(Entries taken from a collection)
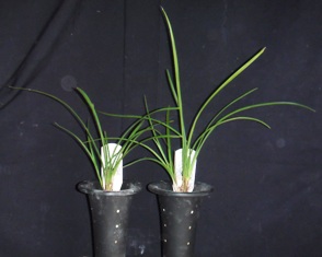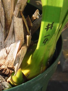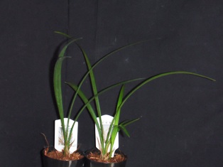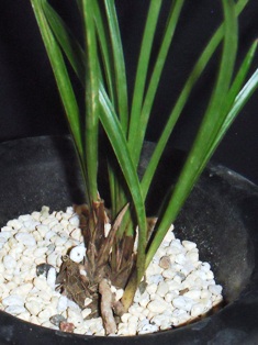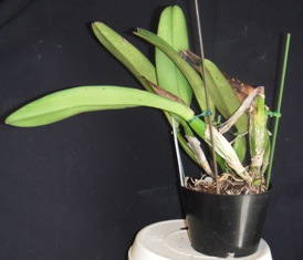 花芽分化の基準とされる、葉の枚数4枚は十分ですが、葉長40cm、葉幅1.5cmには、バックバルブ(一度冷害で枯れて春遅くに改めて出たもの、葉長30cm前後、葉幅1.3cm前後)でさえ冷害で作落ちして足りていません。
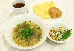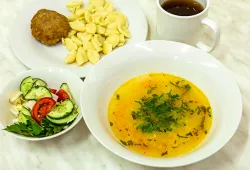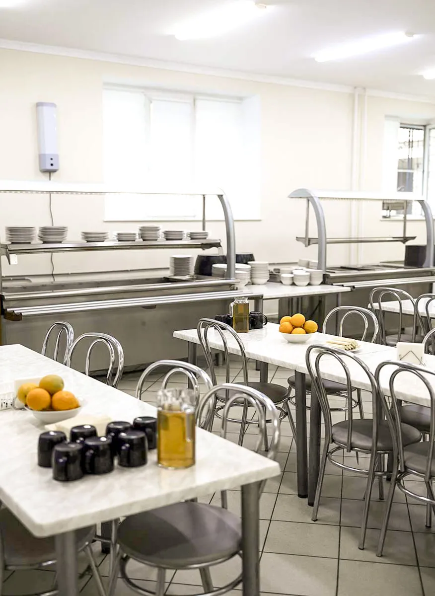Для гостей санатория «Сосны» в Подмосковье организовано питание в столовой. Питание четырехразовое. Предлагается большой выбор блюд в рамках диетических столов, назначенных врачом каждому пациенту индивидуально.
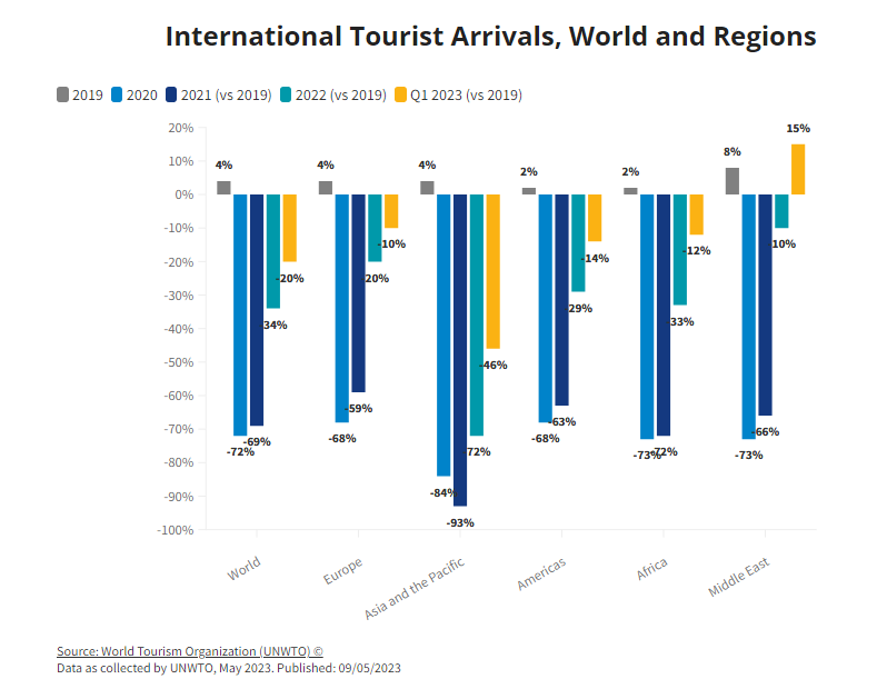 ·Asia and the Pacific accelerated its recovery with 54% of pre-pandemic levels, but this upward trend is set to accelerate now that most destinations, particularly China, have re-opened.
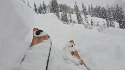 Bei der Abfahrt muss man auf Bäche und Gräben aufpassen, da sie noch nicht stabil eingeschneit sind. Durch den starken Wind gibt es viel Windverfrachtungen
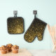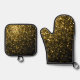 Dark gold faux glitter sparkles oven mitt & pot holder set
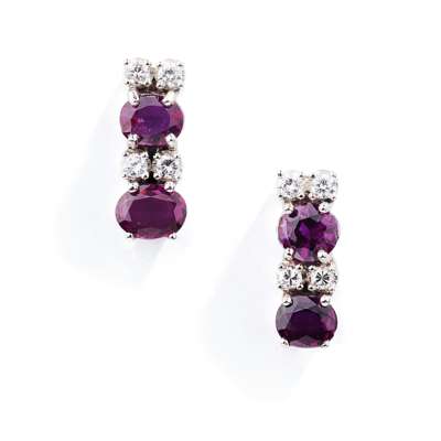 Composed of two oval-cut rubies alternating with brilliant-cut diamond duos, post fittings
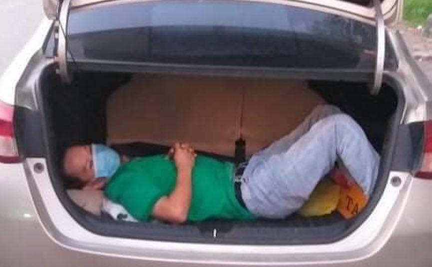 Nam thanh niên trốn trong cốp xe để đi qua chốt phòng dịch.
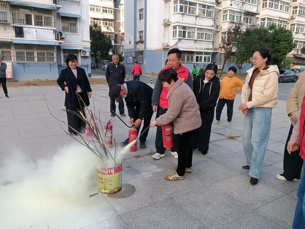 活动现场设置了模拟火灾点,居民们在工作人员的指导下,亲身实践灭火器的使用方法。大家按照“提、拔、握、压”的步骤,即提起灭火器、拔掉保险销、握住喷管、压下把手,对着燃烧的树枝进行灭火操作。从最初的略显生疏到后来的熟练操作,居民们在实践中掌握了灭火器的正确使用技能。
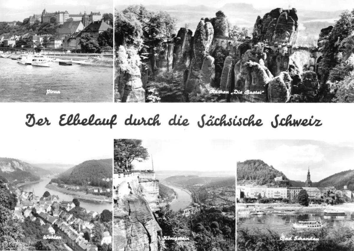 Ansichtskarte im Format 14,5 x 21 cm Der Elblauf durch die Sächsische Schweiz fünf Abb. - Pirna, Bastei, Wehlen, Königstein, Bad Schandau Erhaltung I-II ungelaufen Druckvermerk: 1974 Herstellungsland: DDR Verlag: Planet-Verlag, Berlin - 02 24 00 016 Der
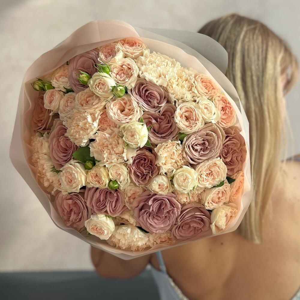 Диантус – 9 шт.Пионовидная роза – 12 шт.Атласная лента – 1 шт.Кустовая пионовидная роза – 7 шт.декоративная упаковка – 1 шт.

§ Task statement
A word-for-word reproduction is needed of the lines above from the line containing "China, have re-opened." through the line containing "Dark gold faux", with both ends kept and no pictures.

§ Answer for this exercise
 ·Asia and the Pacific accelerated its recovery with 54% of pre-pandemic levels, but this upward trend is set to accelerate now that most destinations, particularly China, have re-opened.
 Bei der Abfahrt muss man auf Bäche und Gräben aufpassen, da sie noch nicht stabil eingeschneit sind. Durch den starken Wind gibt es viel Windverfrachtungen
 Dark gold faux glitter sparkles oven mitt & pot holder set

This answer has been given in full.